Why Do LLMs Struggle in Strategic Play? Broken Links Between Observations, Beliefs, and Actions
Jan Sobotka, Mustafa O. Karabag, Ufuk Topcu
Why It Matters
What makes this one worth your time
Understanding and addressing these gaps is crucial for safely deploying LLMs in strategic applications like negotiation and policymaking.

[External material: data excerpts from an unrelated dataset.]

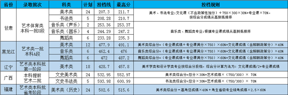 长沙师范学院2021年艺术类投档分数线(7月16日更新)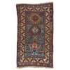the indigo field with three polychrome hooked lozenge medallions, within ivory hooked leaf border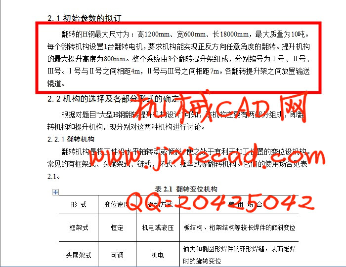 根据生产中钢的尺寸,设计出适当尺寸的翻转机构。在H钢翻转过程中,需考虑到传动传动装置的磨损,变松以及如何改善这种情况,另需注意各部件间的润滑,确定H钢提升的方式。本设计的提升机构用于H钢的提升,工业上要求物料输送过程的平稳高效,同时要使所占用的空间尽可能小,以减小生产成本。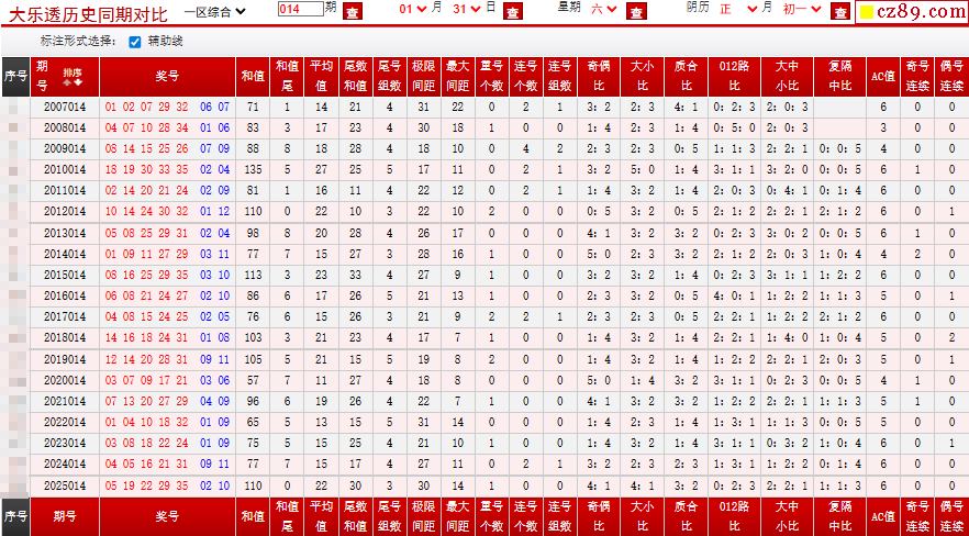 014期大乐透历史同期对比图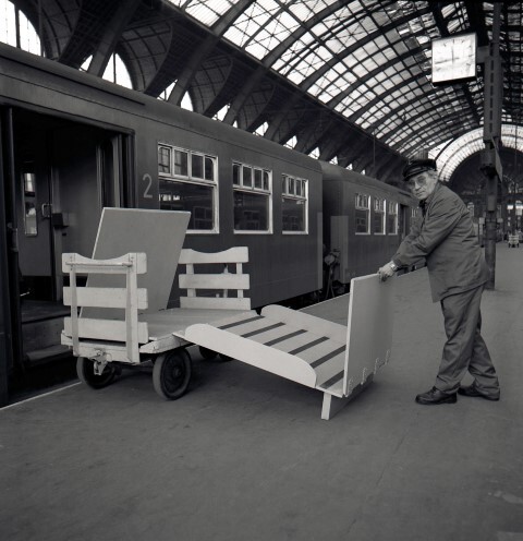Deze fotogroep bevat 12 negatieven. Ze tonen het prototype van een verplaatsbare laadhelling waarmee een persoon met beperkte mobiliteit kan instappen in de trein. Dit model diende als basis voor de latere uitvoeringen van de laadhellingen. Een aantal plooibare onderdelen dienden als helling om het hoogteverschil tussen het perron en het M 2-rijtuig te overbruggen.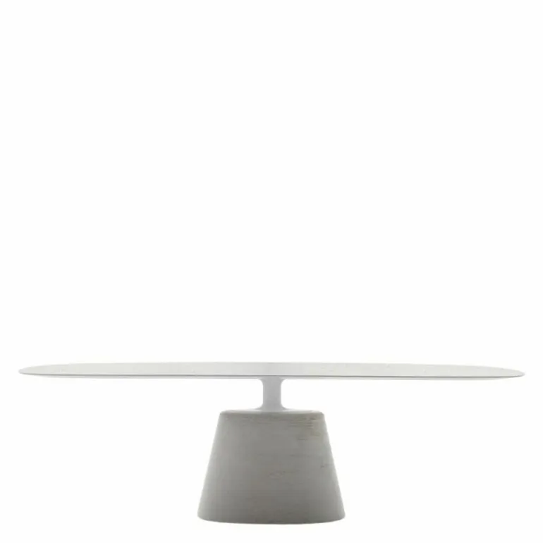 Dit rechthoekige, afgeronde tafelblad zorgt voor een andere beleving van ruimtelijkheid waardoor de tafel ook in vergaderruimtes en kantoorpanden ingezet kan worden. De eettafel weet niet alleen binnen mensen bij elkaar te brengen, maar ook buiten is de eettafel een verrassende verschijning. Plaats de eettafel op het terras of midden in de tuin om warme zomeravonden aan te spenderen. Om de tafel bij buitengebruik te beschermen is er op aanvraag een speciale regenhoes bij te bestellen. Hierdoor kunt u jarenlang genieten van de Rock Maxi Eettafel. r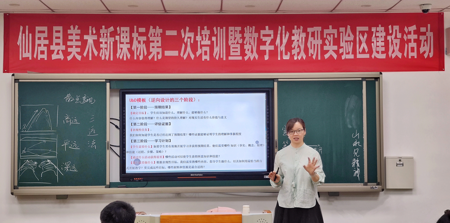 在下午的活動中,潘珣老師還為我們帶來《大概念視角下單元整體教學(xué)轉(zhuǎn)型》講座。潘老師分享了自己在新課標(biāo)背景下對美術(shù)教學(xué)的研究與心得。從新課改課堂教學(xué)、美育課堂教學(xué)習(xí)作展示、教學(xué)技能培訓(xùn)三維視覺深入學(xué)習(xí)和理解普通高中課程改革的新理念、新要求。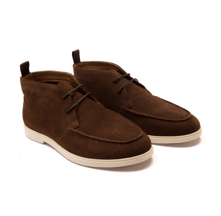 AUGUSTA Falcao Leather Chukka Ankle Lace-up Boot. This Chukka Boot combines classic design with modern functionality. Made from premium suede leather, it offers a luxurious look and long-lasting durability. The lace-up boot closure allows for a secure and customisable fit, adapting to your foot for all-day comfort. Featuring a breathable textile and textile/PU lining, the boot promotes airflow, ensuring your feet stay comfortable and fresh throughout the day. The durable TPR sole provides excellent traction and flexibility, making it ideal for various surfaces.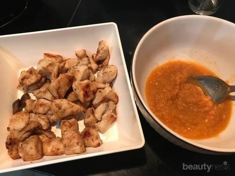 - Setelah sambal siap, goreng dada ayam yg telah dibumbu dengan api sedang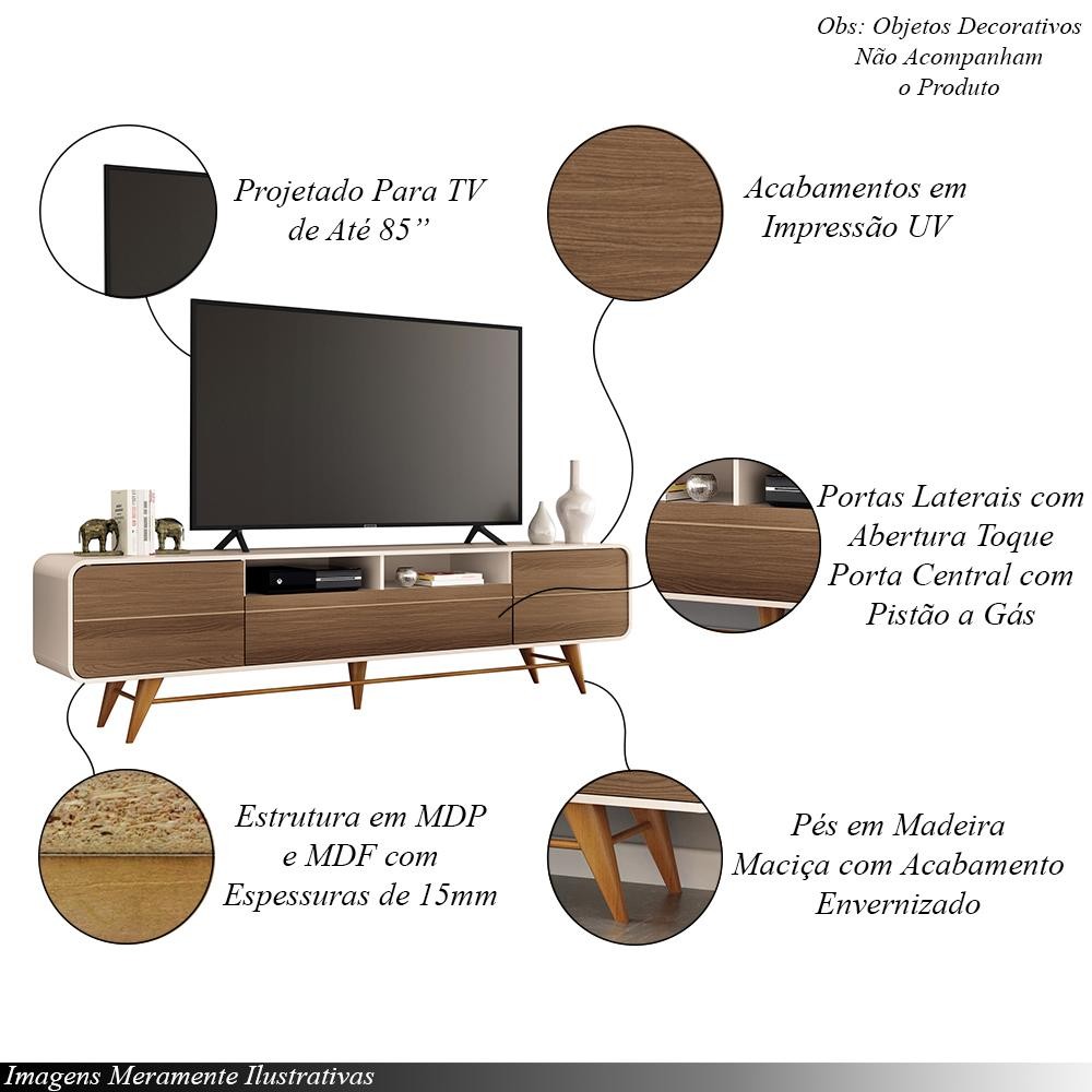 Bancada Europa Pés em Madeira para TV até 85 Polegadas Off White/Castanho G26 - Gran Belo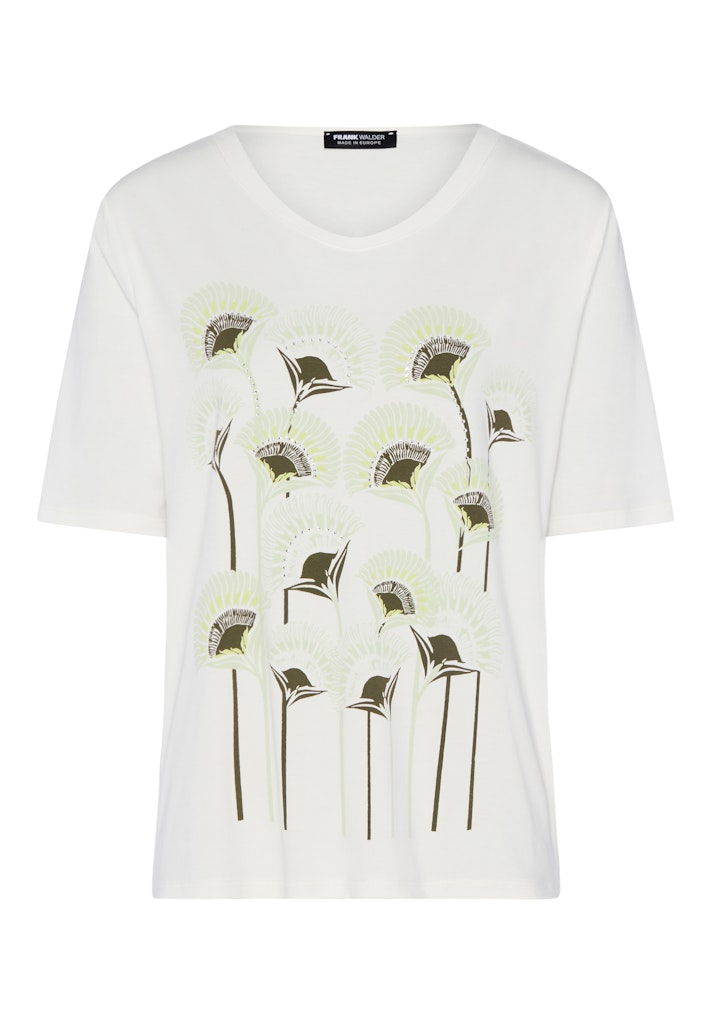 Shirt van Frank Walder met korte mouwen, ronde hals en een bloemen print aan de voorzijde. Materiaal: Katoen 45%| modal 45%| elastan 10%

The paper identifies critical gaps in LLMs' strategic decision-making processes.
Summary
The paper investigates the challenges large language models (LLMs) face in strategic decision-making under incomplete information, identifying two key gaps: the observation-belief gap and the belief-action gap. It uses experiments with models like Llama 3.1, Qwen3, and gpt-oss to demonstrate these gaps and suggests that these vulnerabilities need addressing before deploying LLMs in strategic domains.
Key contributions
- Identification of the observation-belief gap in LLMs.
- Identification of the belief-action gap in LLMs.

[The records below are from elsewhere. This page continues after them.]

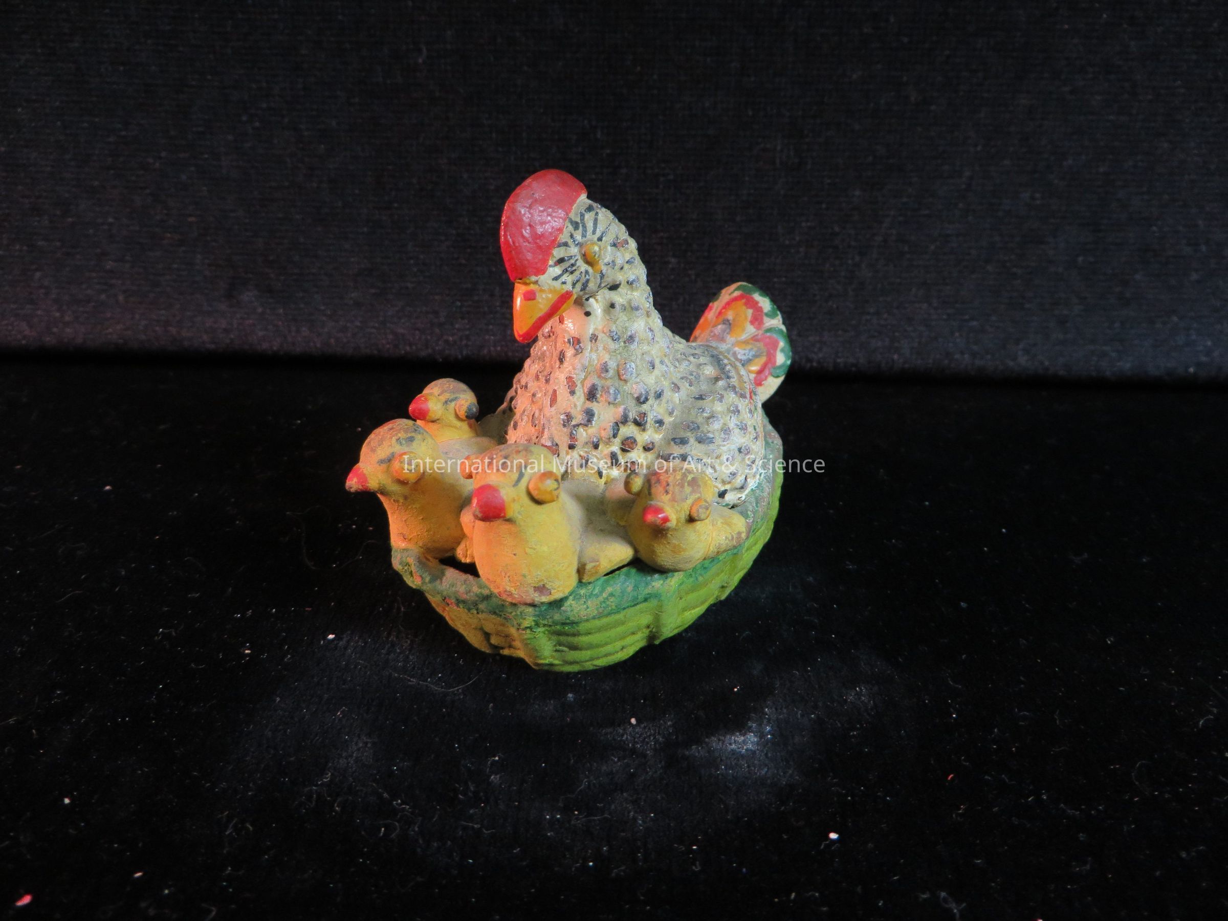 A miniature clay coin bank in form of hen and chicks in basket nest. The hen has a white body with black spots and yellow, red, and green accents on tail. The chicks are painted yellow with red beaks. The coin slot is on the hen's back.Dimensions
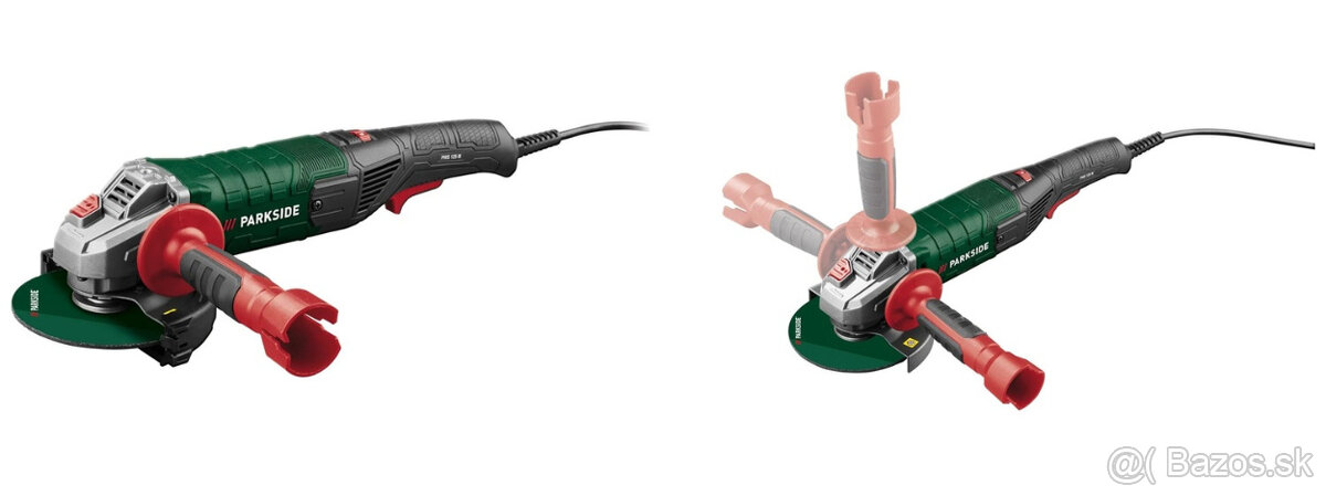 - Dodané príslušenstvo: 1 rezací kotúč na kov Ø 125 mm, 1 upínací kľúč, 1 súprava náhradných uhlíkových kefiek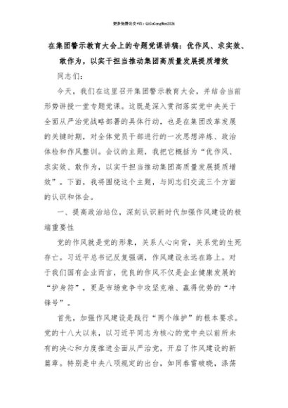 【七哥公文】2025年:【七哥公文】在集团警示教育大会上的专题党课讲稿:优作风、求实效、敢作为,以实干担当推动集团高质量发展提质增效+更多免费公文+VX:QiGeGongWen2024+更多免费公文+VX:QiGeGongWen2024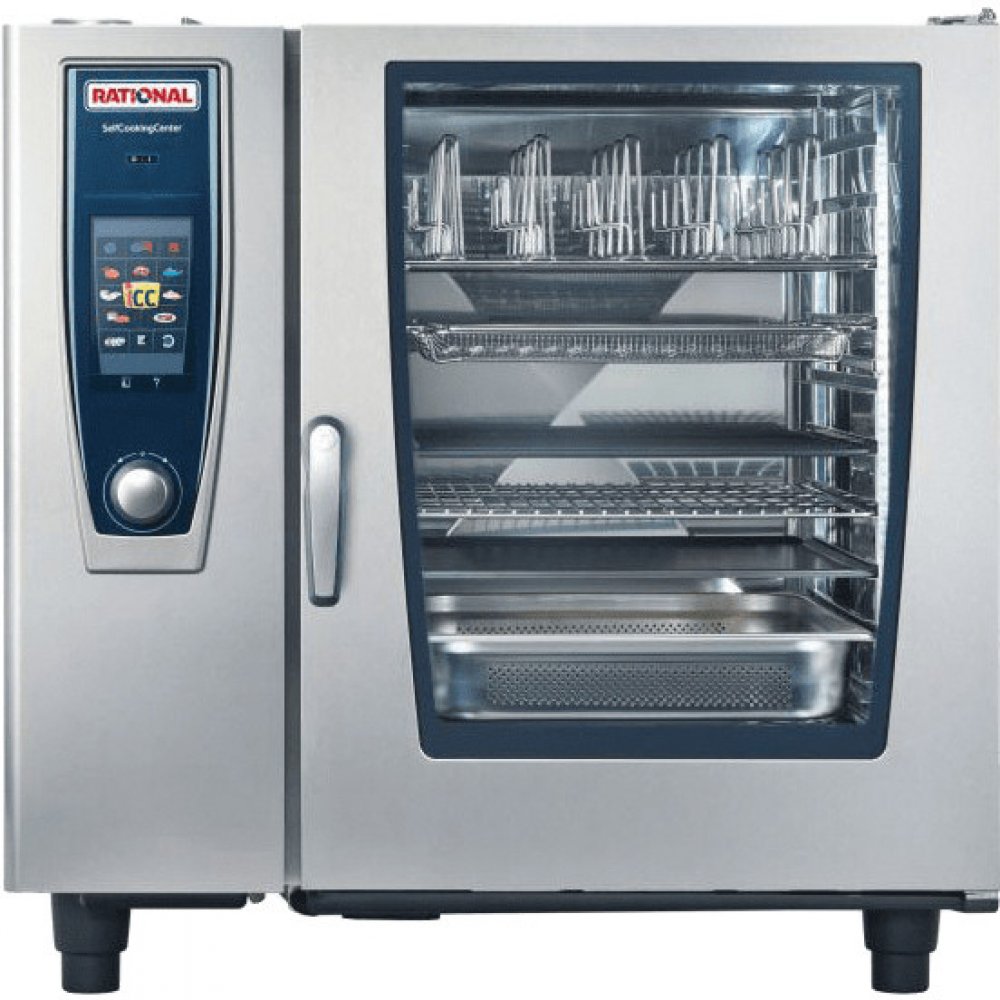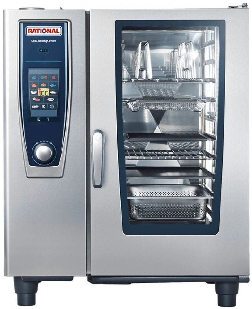 Konvektomat Rational SelfCookingCenter - popis: přívod: R3/4" odpad vody: DN 50 tlak vody: 150–600 kPa nebo 0,15–0,6 Mpa jištění: 3 x 63 A síťová přípojka: 400 V, 3 fáze, střídavé kapacita:10 x 2/1 GN osvětlení LED dvířka varné komory z trojitého skla zobrazení spotřeby energie RATIONAL funkce vzdáleného přístupu vestavěná ruční sprcha s navíjecím mechanismem odstředivý systém odlučování tuků Clim...

- Experimental analysis using open-weight models to support findings.
Notable insights
- LLMs have internal beliefs that are more accurate than their verbal reports but degrade with complex reasoning.
- The conversion of internal beliefs to actions is less effective than using beliefs externalized in prompts.
Possible limitations
- Not stated in the abstract
Abstract
arXiv:2605.00226v1 Announce Type: cross Abstract: Large language models (LLMs) are increasingly tasked with strategic decision-making under incomplete information, such as in negotiation and policymaking. While LLMs can excel at many such tasks, they also fail in ways that are poorly understood. We shed light on these failures by uncovering two fundamental gaps in the internal mechanisms underlying the decision-making of LLMs in incomplete-information games, supported by experiments with open-weight models Llama 3.1, Qwen3, and gpt-oss. First, an observation-belief gap: LLMs encode internal beliefs about latent game states that are substantially more accurate than their own verbal reports, yet these beliefs are brittle. In particular, the belief accuracy degrades with multi-hop reasoning, exhibits primacy and recency biases, and drifts away from Bayesian coherence over extended interactions. Second, a belief-action gap: The implicit conversion of internal beliefs into actions is weaker than that of the beliefs externalized in the prompt, yet neither belief-conditioning consistently achieves higher game payoffs. These results show how analyzing LLMs' internal processes can expose systematic vulnerabilities that warrant caution before deploying LLMs in strategic domains without robust guardrails.